TDP Sunday, March 22,2009
Love Apples, the lovely tasty tomato:
It's time to start putting in your summer vegetable gardens. Years ago I used to plant a huge garden each year and shared it with my mother who did the canning. It was a good partnership, and we both did what we liked. For me it was gardening, and for her it was putting up food. Now I don't do so much but I still like to plant my favorite veggies: tomatoes, sweet corn, a few hills of cucumbers, a few pepper plants and some eggplant. I've had to learn how to garden all over again since I was transplanted in Texas seven years ago.

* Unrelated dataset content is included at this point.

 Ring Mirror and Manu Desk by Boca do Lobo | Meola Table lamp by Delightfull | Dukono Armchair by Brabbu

We have two short growing seasons in Texas - Spring and Fall. There's not much that will stand up to the heat of our summers, except for eggplant, or okra. These hardy vegetables will go and go like the Energizing Bunny, while everything else just sits there and pants waiting for fall before they will produce anything again. Mid-summer you can plant many vegetables again to come to fruition in the fall. Tomatoes, do especially well this way, and you'll bypass watering unfruitful plants all summer for no reason. Everyone seems to have a few tomato plants in their backyard, for you can't get that great sun- warmed tomato taste from the supermarket. I have found tomatoes tricky for our hot climate. Many tomato varieties won't set fruit when the night temperatures are over 72 degrees F, and that lasts for a couple of months in Texas! To get tomatoes to fruit you must learn which ones will set fruit at which night temperatures when they are blooming.

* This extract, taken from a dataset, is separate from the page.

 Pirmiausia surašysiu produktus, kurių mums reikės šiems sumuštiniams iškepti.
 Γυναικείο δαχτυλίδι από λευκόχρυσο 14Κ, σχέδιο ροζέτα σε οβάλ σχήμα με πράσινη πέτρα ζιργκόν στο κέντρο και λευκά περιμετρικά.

The best general guide is the size. The really big ones like Beefsteak, or the ones developed in cooler climates like Russian Crimean will be less likely to make fruit when the nights are hot. If the tomato varieties are the plum or cherry varieties, or were developed where summers are hot, like the Cherokee, these will do better in Texas summers. The ones you can always count on to set fruit during the hot summer are the cherry tomatoes or the pasta kind, like the Roma. I find it interesting that tomatoes are so picky about the heat because they are a tropical native American plant. According to Wikipedia, they were first called love apples by the Europeans because they are related botanically to the mandrake with which they were familiar. Tomatoes were still relatively uncommon to American Colonists in 1809 when Thomas Jefferson noted that he planted this unfamiliar vegetable. He actually got his seeds from France, although tomatoes had been commonly grown for eating in Spain since the 1600s!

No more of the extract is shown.